Luke Pollard with a paramedic and a student paramedic on their shift
Luke Pollard with a paramedic and a student paramedic on their shift

Our doctors, nurses and health staff risked their lives to care for Covid Patients. Now it’s our health service itself that needs emergency surgery, after a decade of austerity and the pandemic- and I saw that for myself as I joined an ambulance shift at Derriford Hospital.

For reasons of patient confidentiality, I can’t tell  you about any of the people they treated, but I can tell you I only witnessed professionalism and compassion that made me even prouder of the NHS. The two ambulance-crew – a paramedic and a student paramedic – were like every crew on that night: trained, dedicated, equipped and eager.

Derriford’s Emergency Department is full. In each ambulance is a person who should be in a hospital bed, and a crew who should be moving on to their next call. But at times they are forced to wait for hours.

The queue of ambulances is now so severe that Derriford has opened a second car park for them outside the Emergency Department. That should make every health minister ashamed – and this isn’t unique – 16,500 people a month in England are now forced to wait twelve hours or more for hospital admission.

My time with the ambulance and nights shadowing staff at Derriford has shown me that there’s three things we need to do to repair the broken healthcare system.

First, we need to fix the GP crisis. It means people don’t get proper preventative care, so they are forced to wait until the problem cannot be ignored any longer – which often means calling 999. The same is true of dental care in our city, with far too many people ending up in Derriford for emergency dentistry.

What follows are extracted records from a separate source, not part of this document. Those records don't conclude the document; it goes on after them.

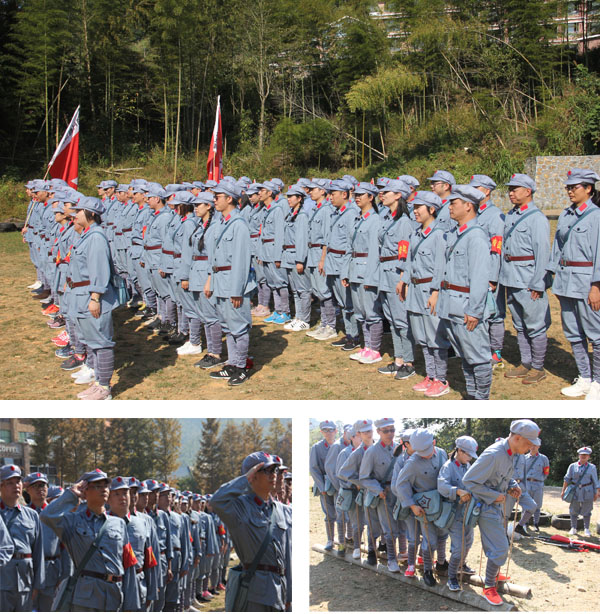 体验式培训环节,大家统一身穿红军装,从成立指挥领导小组到分队拉练,在教官的带领下分别进行了队列训练、齐心协力走等项目。大家以饱满的热情、严谨的态度,互相帮助,同心协力完成了一项项挑战任务。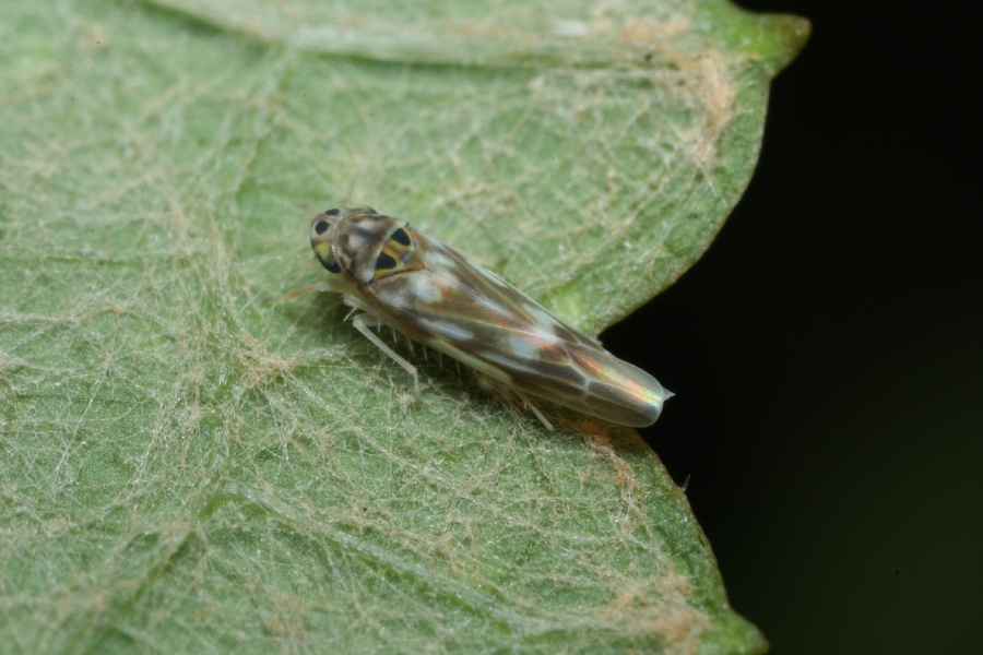 フタテンヒメヨコバイはブドウの害虫として知られています。長池公園では、ブドウ科のエビヅルの葉の裏側で見つけることができます。体長は約3.0mm。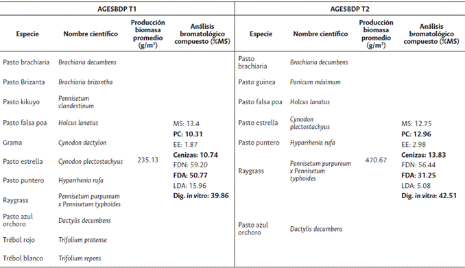 Tabla 3: Gramíneas predominantes, producción de biomasa y composición nutricional, en los agroecosistemas de producción bovina doble-propósito, tipificados en la subcuenca del río San Marcos (Tuluá, Valle del Cauca)
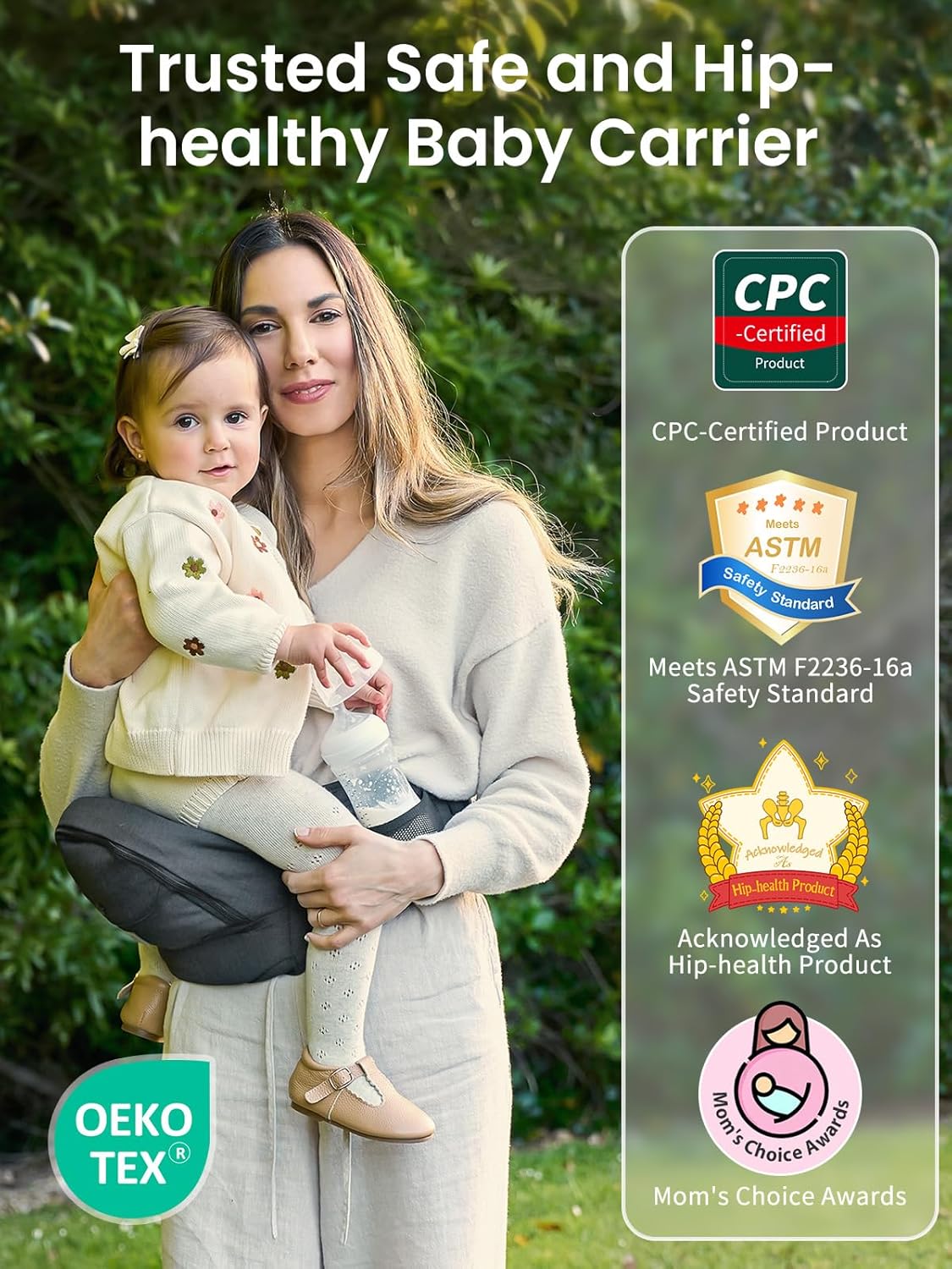 - 【We’ve Got Your Back! And Your Hip】As baby gets heavier, holding baby in your arms can be tiring and straining on your arms and back. Sitting baby on the non-slip padded hip seat, instead on your hip, prevents you from curving your back while keeping baby close, supported, and happy. Additionally, the wide waistband provides comfort for parent’s waist and back. Padded Abdominal Pad Design is a plus to release pressure for long walking.

Secondly, we need to fix social care. On the night I shadowed the paramedics there was nearly 150 patients medically fit to be discharged from Derriford but with nowhere safe for them to go. If they could be transferred to proper care settings, we could slash ambulance waiting times. To make this possible, we need a new national drive to recruit and. importantly, retain care staff.

Finally, Plymouth needs a hospital with proper capacity. Derriford’s new Emergency Department – backed by all our city’s MPs – will help. But the rest of the hospital is full. We were promised a complete rebuild by Ministers, but that was a lie – just as the promise of 40 new hospitals was. A fresh paint job doesn’t equal a new hospital.

Families deserve the security of knowing the NHS will be there when they need it. And NHS staff deserve a government that’s on their side. It’s time to rebuild our NHS, pay staff a decent wage and fix the health and social care crisis. If we do that, the Plymouth-  and our brilliant NHS staff – will get the service they deserve.